Appel aux provinces pour la création d'un groupe de travail « Mieux vaut tard que jamais »
Pour faire face à la pression croissante du vieillissement de la population sur les soins médicaux et les budgets provinciaux, les provinces devraient prendre l'initiative de créer un groupe de travail « Mieux vaut tard que jamais » – axé sur la résolution des problèmes de financement laissés sans réponse depuis des décennies.
Ce groupe de travail doit concevoir un plan qui protège l'accès universel, préserve la dignité des personnes âgées et rétablisse notre capacité à investir là où commence la santé – sans faire peser davantage de coûts sur les jeunes générations, qui contribuent déjà davantage aux soins des aînés que les générations précédentes au même âge.
Un plan de financement équitable doit aller au-delà du diagnostic simpliste d'un «pénurie de médecins».
Le Canada compte près de trois fois plus de médecins qu'il y a 1970. Cette augmentation de 195 % dépasse largement la croissance démographique (76 %) et la hausse de la demande liée au vieillissement de la population (135 %). Le défi ne se limite donc pas à l'offre de main-d'œuvre.
Pour parvenir aux réformes structurelles dont le Canada a réellement besoin, il faut s'attaquer aux calculs démographiques sous-jacents qui alimentent les pressions actuelles sur les coûts.
Les retraités d'aujourd'hui ont travaillé dur et payé des impôts, mais le système ne leur a pas demandé de cotiser suffisamment durant leur vie active pour couvrir intégralement le coût des soins dont ils ont désormais besoin. À mesure que la part des personnes âgées augmente, ce manque devient de plus en plus flagrant.

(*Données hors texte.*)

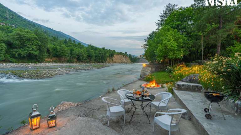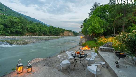 Die Unterkunft StayVista at Moets Waterfront Estate befindet sich in Raogi, in der Nähe von Kullu in Himachal Pradesh, eingebettet in eine malerische Umgebung mit Garten und Flussblick. Sie liegt in der Nähe wichtiger Sehenswürdigkeiten wie dem Hidimba Devi-Tempel und dem Himalayan Nyinmapa Tibetan Buddhist Monastery.
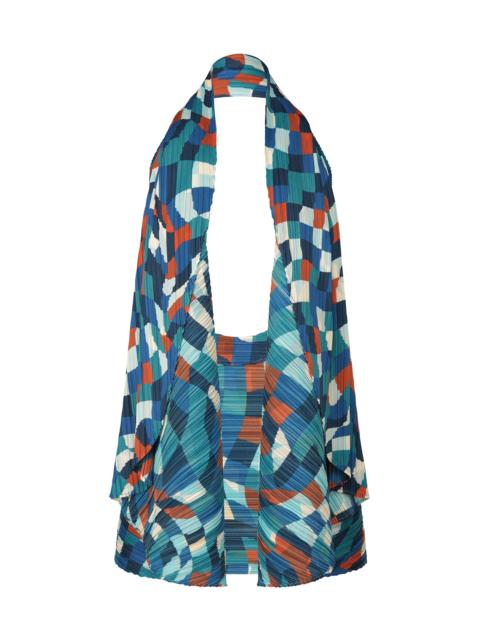This long vest features a print that evokes neatly arranged squares spinning as if they were dancing. It is characterized by the draping that appears around the neck when worn, although it forms an oval when laid flat. Product Information Material: 100% polyester Made in Japan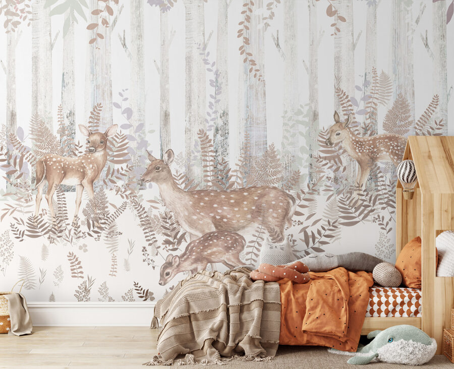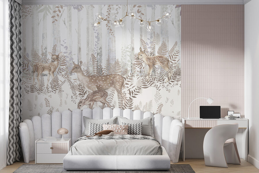 Widziałeś kiedyś fototapetę z jeleniami hasającymi po lesie? Ta jest po prostu magiczna – to jak scena prosto z bajki! Wyobraź sobie pokój swojego malucha z tym czarującym nadrukiem; miękkie kolory i delikatne tekstury są idealne do pobudzania wyobraźni podczas zabawy lub opowiadania bajek na dobranoc. Jest coś uspokajającego w tych uroczych jelonkach – wydają się niemal gotowe do zeskoczenia ze ściany. Niezależnie od tego, czy jest to wymarzona przestrzeń dla twojej córki, czy spokojny pokój dziecięcy dla twojego niemowlęcia, ta fototapeta doda kapryśnego, ale spokojnego akcentu. To coś więcej niż dekoracja; to czysty leśny urok!
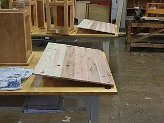 図書館司書の先生から、生徒たちにもっと新聞を読んでほしいので,新聞を広げておく台を作ってほしいと頼まれた。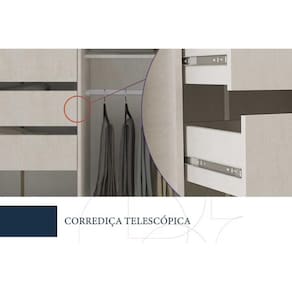 Material do Calceiro - Calceiro Metálico Material dos Cabideiros - Cabideira Metálico Tipo de Porta do Guarda-Roupa - Portas de Correr Material das Portas - Portas em MDP Quantidade de Portas - 2 Portas de Correr Material das Gavetas - Gavetas em MDP Tipo de Corrediça - c/ Corrediças Telescópicas Quantidade de Gavetas - 6 Gavetas Tipo dos Pés - Pés Opcionais Material das Prateleiras - Prateleiras em MDP Quantidade de Prateleiras - 7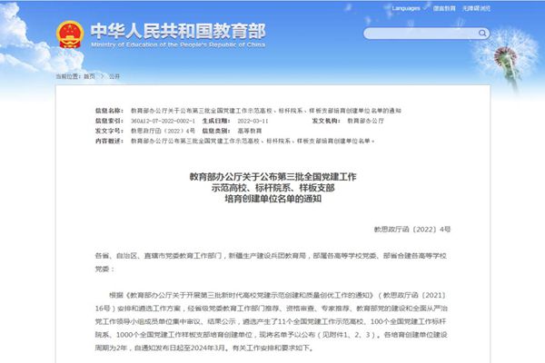 根據(jù)《教育部辦公廳關(guān)于開展第三批新時(shí)代高校黨建示范創(chuàng)建和質(zhì)量創(chuàng)優(yōu)工作的通知》(教思政廳函〔2021〕16號(hào))安排,經(jīng)省級(jí)黨委教育工作部門推薦、專家評審等環(huán)節(jié),教育部遴選產(chǎn)生了11個(gè)全國黨建工作示范高校、100個(gè)全國黨建工作標(biāo)桿院系、1000個(gè)全國黨建工作樣板支部培育創(chuàng)建單位。各培育創(chuàng)建單位建設(shè)周期為2年,自通知發(fā)布日起至2024年3月。

Pour y mettre un terme, il faudra répondre à des questions difficiles :
- Comment moderniser les systèmes de revenus pour tenir compte de l'allongement de l'espérance de vie ?
- Comment les contributions peuvent-elles mieux correspondre au coût des soins tout au long de la vie ?
- Qui peut contribuer le plus en ce moment ?
Il ne s'agit pas de blâmer, mais de responsabilité.
Sans plan, la hausse des coûts continuera de peser sur l'accès aux soins, de mettre en péril la couverture universelle et d'imposer des choix difficiles aux jeunes générations. Un plan nous offre la possibilité de préserver les soins médicaux tout en renforçant les systèmes de santé dans leur ensemble.